#### WORK TO BE COMPLETED:
Type out the data exactly as given. Skip any image.

#### STORED DATA:
******************************

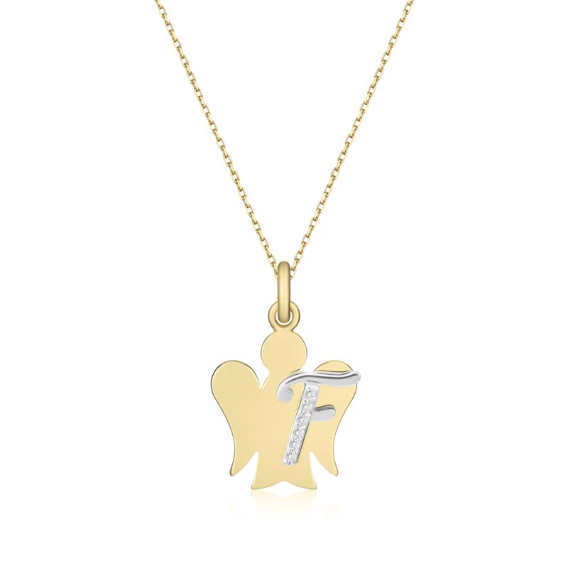 Collana donna roberto giannotti, NKT700F, collezione l'alfabeto degli angeli, in oro giallo 375 con diamanti, ct totale 0, 021, lunghezza 40cm + più 5cm di estensione
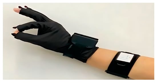 - Huang, X.N.; Wang, Q.; Zang, S.Y.; Wan, J.X.; Ren, X.M. Tracing the Motion of Finger Joints for Gesture Recognition via Sewing RGO-Coated Fibers onto a Textile Glove. IEEE Sens. J. 2019, 19, 9504–9511. [Google Scholar] [CrossRef]
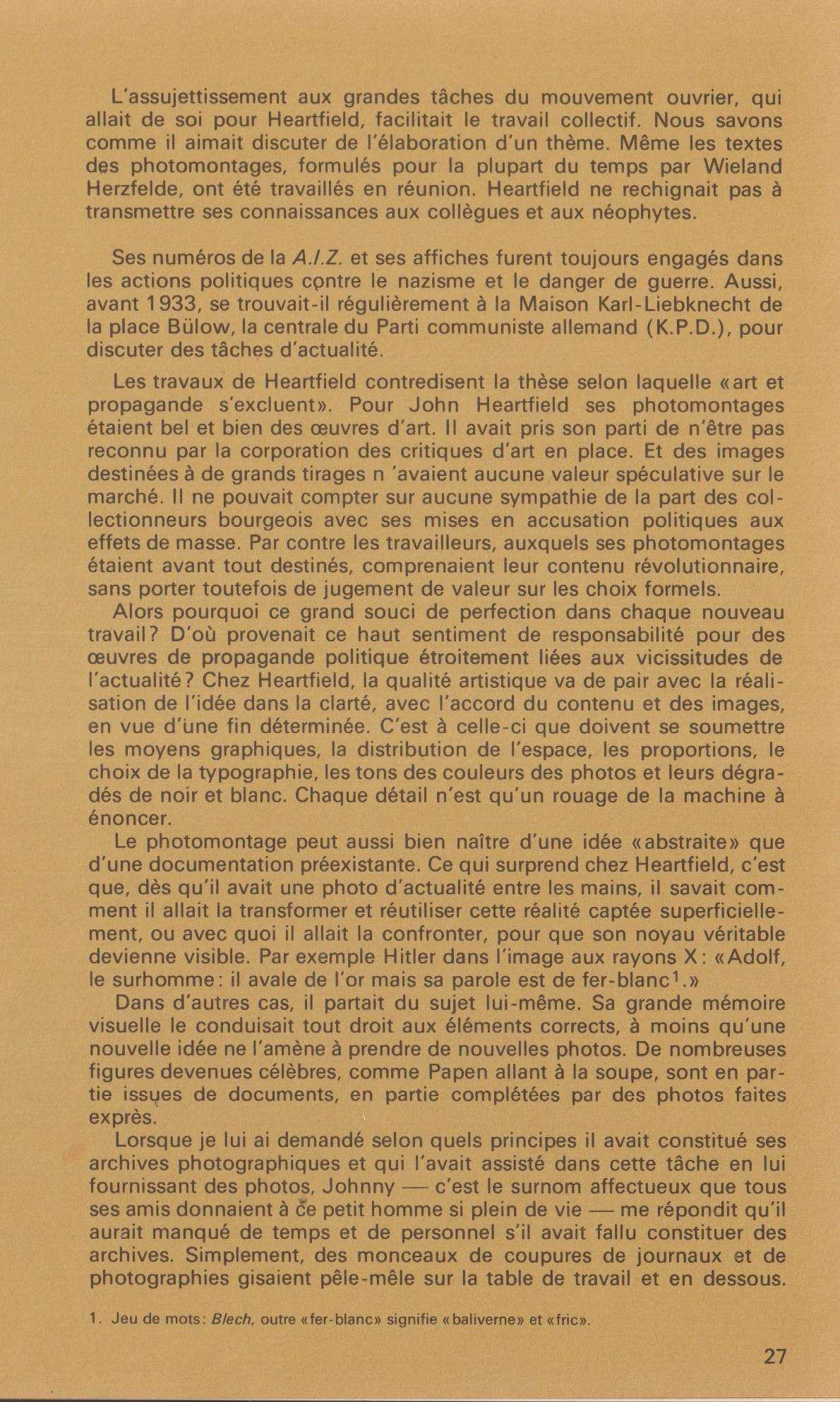 « […] Lucien Vogel est un homme qui compte dans la presse française. Pour « inventer » Vu, un magazine novateur, il s’est inspiré de la maquette, des contenus et du « chemin de fer » [Il s’agit d’une « carte routière » qui va guider la création du magazine, un « plan visuel » détaillé qui va prévoir l’emplacement de chaque élément, de la typographie à la mise en page, en passant bien entendu pat les photos.] rédactionnel de l’Arbeiter Illustrierte Zeitung ♪, l’un des titres prestigieux de Münzenberg à Berlin. […] Sa couverture de l’actualité est d’une étonnante modernité, son information diversifiée, éclectique, aborde la politique par les moyens de reportage de terrain […] Sous la direction artistique d’Alexandre Liberman [Alex Liberman (1912 à Kiev – 1999 à Miami), artiste pluridisciplinaire et durant 32 ans à la direction artistique du magazine Vogue.], la photo est devenu d’un usage constant à Vu […]. Le recours à l’héliogravure permet une reproduction soignée des images, la mise en page recherchée présente, non sans audace, les clichés des maîtres de la photographie de l’entre-deux-guerres, André Kertesz, Robert Capa, Henri Cartier-Bresson, Germaine Krull, Marcel Ichac, Brassaï, Man Ray, Gerda Taro, inventeurs du photoreportage ... » (pages 337/ 340, in Willi Münzenberg – Artiste en révolution (1889-1940) d’Alain Dugrand et Frédéric Laurent, Fayard 2008). Voir aussi Denoyelle Françoise, La lumière de Paris – Les usages de la photographie 1919-1939, tome 2, L’Harmattan 1997 ; Fontaine François, La guerre d’Espagne, un déluge de feu et d’images, BDIC – Berg International 2003 ; Leenaerts Danielle, Petite histoire du magazine Vu (1928-1940) – Entre photographie d’information et photographie d’art, Peter Lang 2010 ; Willett John, Heartfield contre Hitler, Fernand Hazan 1997 ; Zervigón Andrés Mario, The Proletarian Image between Political Agitation and Realistic Sobriety – The Arbeiter Illustrierte Zeitung and the German worker photography movement, Transbordeur n°4 (2020) ...

******************************

#### TASK ANSWER:
 Collana donna roberto giannotti, NKT700F, collezione l'alfabeto degli angeli, in oro giallo 375 con diamanti, ct totale 0, 021, lunghezza 40cm + più 5cm di estensione
 - Huang, X.N.; Wang, Q.; Zang, S.Y.; Wan, J.X.; Ren, X.M. Tracing the Motion of Finger Joints for Gesture Recognition via Sewing RGO-Coated Fibers onto a Textile Glove. IEEE Sens. J. 2019, 19, 9504–9511. [Google Scholar] [CrossRef]
 « […] Lucien Vogel est un homme qui compte dans la presse française. Pour « inventer » Vu, un magazine novateur, il s’est inspiré de la maquette, des contenus et du « chemin de fer » [Il s’agit d’une « carte routière » qui va guider la création du magazine, un « plan visuel » détaillé qui va prévoir l’emplacement de chaque élément, de la typographie à la mise en page, en passant bien entendu pat les photos.] rédactionnel de l’Arbeiter Illustrierte Zeitung ♪, l’un des titres prestigieux de Münzenberg à Berlin. […] Sa couverture de l’actualité est d’une étonnante modernité, son information diversifiée, éclectique, aborde la politique par les moyens de reportage de terrain […] Sous la direction artistique d’Alexandre Liberman [Alex Liberman (1912 à Kiev – 1999 à Miami), artiste pluridisciplinaire et durant 32 ans à la direction artistique du magazine Vogue.], la photo est devenu d’un usage constant à Vu […]. Le recours à l’héliogravure permet une reproduction soignée des images, la mise en page recherchée présente, non sans audace, les clichés des maîtres de la photographie de l’entre-deux-guerres, André Kertesz, Robert Capa, Henri Cartier-Bresson, Germaine Krull, Marcel Ichac, Brassaï, Man Ray, Gerda Taro, inventeurs du photoreportage ... » (pages 337/ 340, in Willi Münzenberg – Artiste en révolution (1889-1940) d’Alain Dugrand et Frédéric Laurent, Fayard 2008). Voir aussi Denoyelle Françoise, La lumière de Paris – Les usages de la photographie 1919-1939, tome 2, L’Harmattan 1997 ; Fontaine François, La guerre d’Espagne, un déluge de feu et d’images, BDIC – Berg International 2003 ; Leenaerts Danielle, Petite histoire du magazine Vu (1928-1940) – Entre photographie d’information et photographie d’art, Peter Lang 2010 ; Willett John, Heartfield contre Hitler, Fernand Hazan 1997 ; Zervigón Andrés Mario, The Proletarian Image between Political Agitation and Realistic Sobriety – The Arbeiter Illustrierte Zeitung and the German worker photography movement, Transbordeur n°4 (2020) ...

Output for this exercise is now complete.